Cubussoli
Very very predictable, including the post credit scene !!!
Reptileenbu
Did you people see the same film I saw?
Marva
It is an exhilarating, distressing, funny and profound film, with one of the more memorable film scores in years,
Michael Neumann
A reclusive, enigmatic French musician rejects invitations to play at the court of Louis VIII, preferring a life of solitude and study after the death of his wife, emerging only to teach (reluctantly) the pursuit of pure music to a brash, ambitious pupil. The student is portrayed, in old age, by Gérard Depardieu, who gets top billing for a relatively small role. Most of the film, exploring the conviction, dedication, and loneliness of his mentor, unfolds in flashback, with Depardieu's character played by the actor's son Guillaume, making his big-screen debut.Of course few things are likely to be more pretentious than an art film about Art, but there's enough plot here to suggest an austere 17th century soap opera (a seduction, a suicide), plus an integrity altogether lacking from other, similar costume dramas (most of it was shot using only natural sound and available light, often only candlelight).
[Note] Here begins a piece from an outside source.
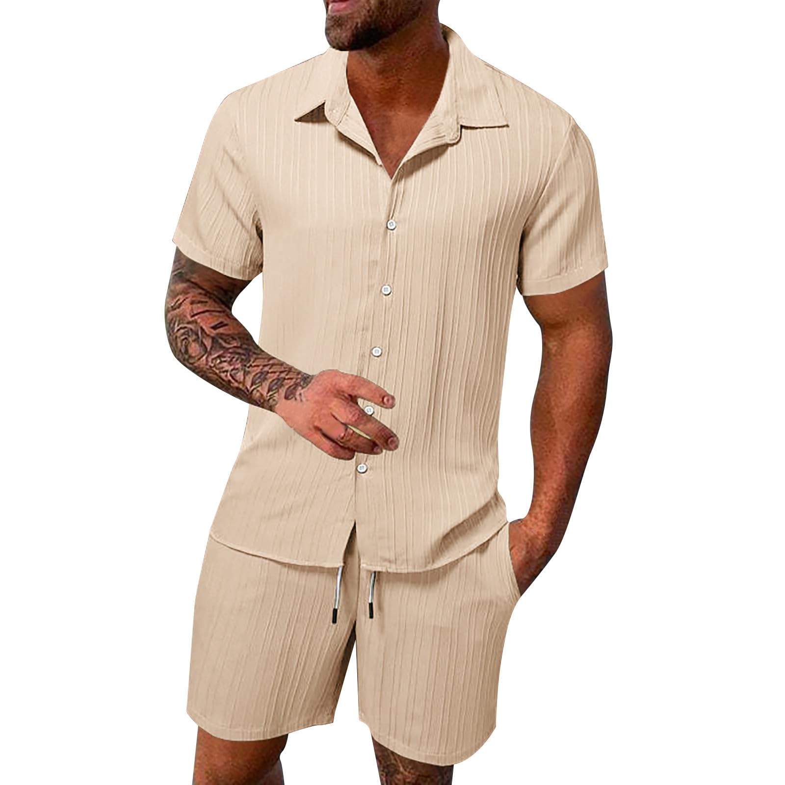 Zweiteiler Herren Leinenanzug Sommer Freizeitanzug 2-teilig Kurzarm Button-Up Revers Hemd und Shorts Beach Shirt Kurze Hose Set Baumwolle Leinen Anzug Jogginganzug für Urlaub Strand Alltag

The result is as beautiful, if also occasionally just as exciting, as a still life on canvas, evoking the luminous paintings of George de La Tour and held together by the somber, melancholy music of the viol de gamba.
bw-49
Seeing this gem of a film again 13 years on was a revelation. Amazingly I recalled so much and dejavued my way through it . Sometimes you find melodies and tunes that is like music of the spheres, the blissful sound of an ethereal and divine sound delivered by an instrument, in this case the gamba. Seeing the film now on DVD on a when I want to- basis I also use it to teach myself french by avoiding English subtitles. Somehow the Hellenistic triangle of the good, the true and the beautiful melts together . That happens rarely but certainly happens here. The acting of Depardieu pere et fils is superb, the photography and imagery is stunning, and no one with a heart will forget the melancholy harmonies and the modest but lovely storyline. But for DVD I could have longed for my reunion with this treasure chest for years. Now I and my loved ones own it for all the evenings in the world. Go for it.
jimstinson
Other reviews have focused on the music, but this film is not really about guys in funny clothes with ribbons speaking French and playing cellos with 7 strings instead of 4. It is a meditation on two opposite forms of male egotism: the older genius who is too good for the world and everyone in it and the younger opportunist who will use anyone and anything – including his own talent – to get ahead. They meet, mesh, clash, and part over music for the viol (viola da gamba), not incidentally leaving the older man's daughter pregnant, ill, and ultimately a suicide. The story is narrated by the opportunist – now old himself – as a confession, to a room full of his sycophantic music students at the court of Louis XIV (the character, Marin Marais was an actual composer of the time, as was the older man, M. de Sainte Colombe). No other film since Bergman's best seduces you into such hypnotized concentration or breaks your heart with such economy of action.
Isabelle Michelet
France -17th Century. Little known 17th Century viol player and composer Monsieur de Sainte Colombe regarded public performance as an act that corrupted the purity of music. Since his wife's death, he had lived in isolation with his two daughters Madeleine and Toinette –until a young musician, Marin Marais, convinces him to teach him viol. The ambitious pupil, aware of the unique quality of his master's music, will stop at nothing to get hold of the scores. The entire movie is played in rhythm with the viol -slow, melancholic, pure, beautiful. Action addicts should not even try to watch. But art lovers will have a delightful time.